Makes sense. Writing mp3 has more at risk of being contested.
And creating content with proprietory protocols really isn't the
vocation of a distro promoting free software.
> And that's basically the same scheme for various dual life packages
> ( with variations about the feature that is enabled, there used to be a issue
> on font hinting, for freetype and bytecode interpreter )
Not surprised. So the PLF is useful, at least for some.
BTW, I'm not trying to doubt the value of your experience and
contributions, or even to say that we couldn't work well together in my
intended future contributions. Just that I disagree with your
assessment of the impact of patent-affected software in attracting
That doesn't mean that it might not be, sometime in the future, useful
to have a separate set of repositories for software affected by various
legal or other constraints.

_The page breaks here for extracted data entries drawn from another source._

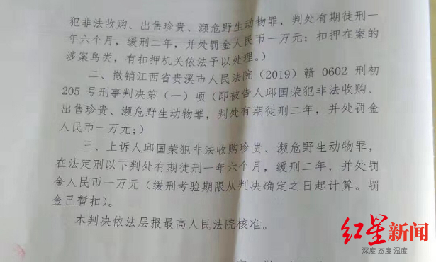 ↑江西邱国荣鹦鹉案判决书
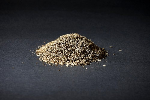 Cumin seeds on black flooring
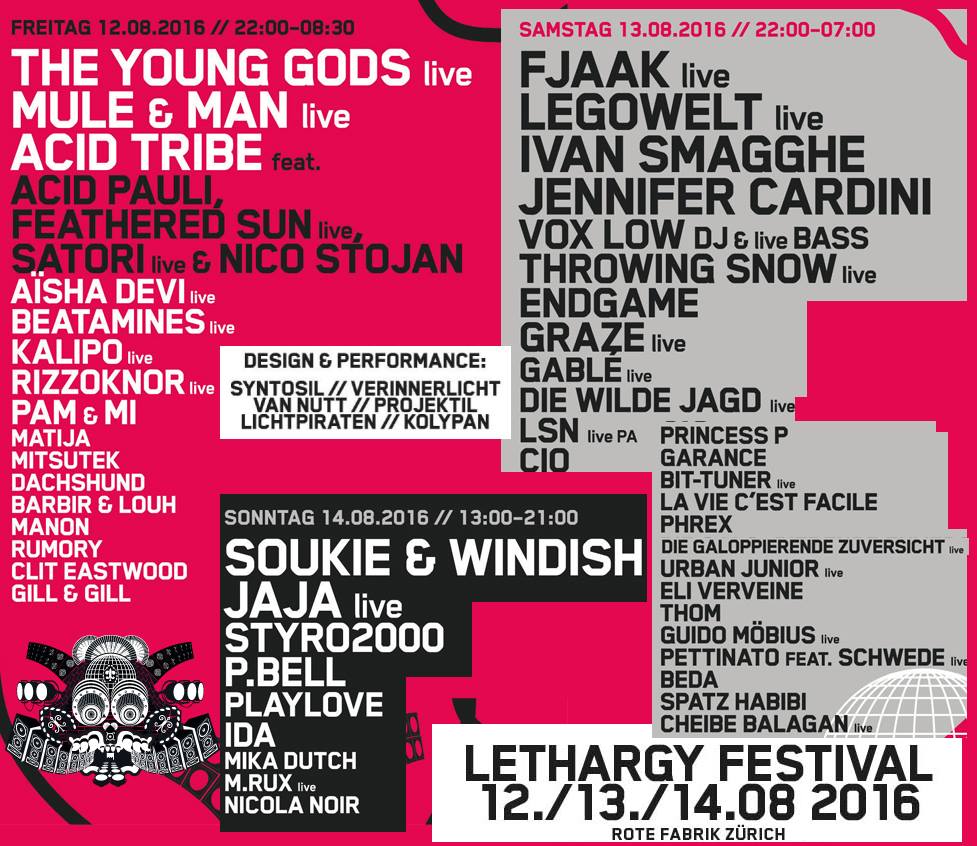 Eso sí, hay que pagar unos 45 CHF por el pase del viernes o del sábado. Actuarán gente como The Young Gods (¿os suena que ya os hablé acerca de etse grupo en la entrada sobre la vinculación de Suiza a David Bowie?), Mule & Man, Legowelt, Fjaak…
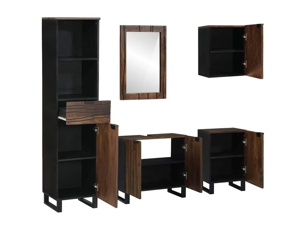 - Funkce / design: Ideální pro vnitřní použití, tahle koupelnová sada ukazuje unikátní barvy a struktury, které přidávají kouzlo. Dveře na pantech se otevírají hladce a je tu dost úložného prostoru pro toaletní potřeby, ručníky a další nutnosti. Tato kombinace vytváří skvěle vyvážený, funkční design, ideální pro moderní život.
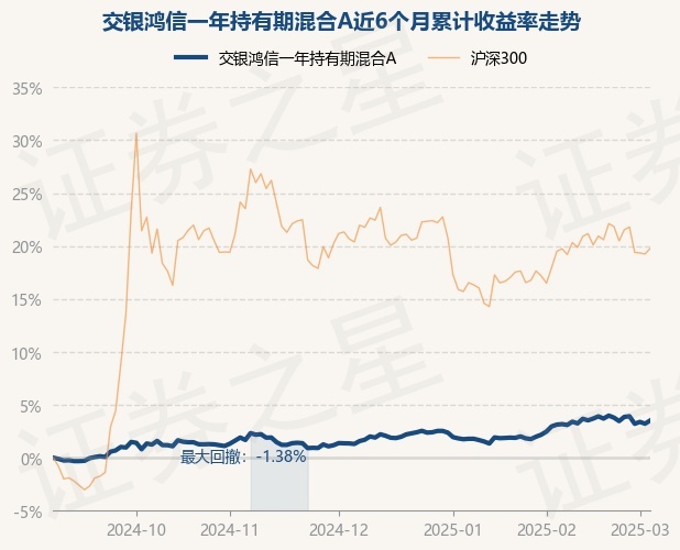 证券之星消息,3月5日,交银鸿信一年持有期混合A最新单位净值为1.0456元,累计净值为1.0456元,较前一交易日上涨0.3%。历史数据显示该基金近1个月上涨1.02%,近3个月上涨2.19%,近6个月上涨3.52%,近1年上涨5.02%。该基金近6个月的累计收益率走势如下图:
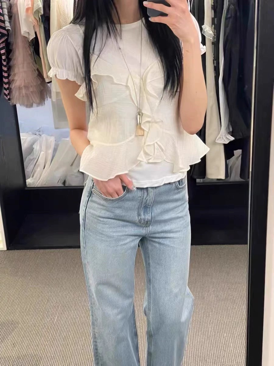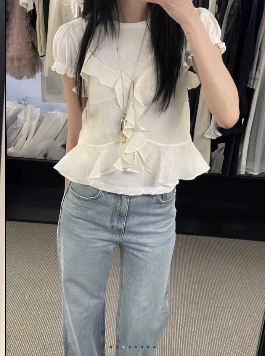 실사 새로운 중식 국풍 반팔 셔츠 2026 여름 새로운 여성 몸매 가꾸기 허리 수축 거품 소매 레이스 쉬폰 블라우스

Although, in that event, I would very much
prefer that it happens in a separate group, for which I think that the
PLF would be ideal.
Particularly since they could do the job for both Mageia and Mandriva,
as well as Unity, and any other distro that cares to join (the open
invitation by PLF) in the future.
(Athough I do think that they could improve their image by replacing the
guns in their logo with something else :/)
And mirror sites open to carrying such software could use a single set
of repos for all the distros concerned.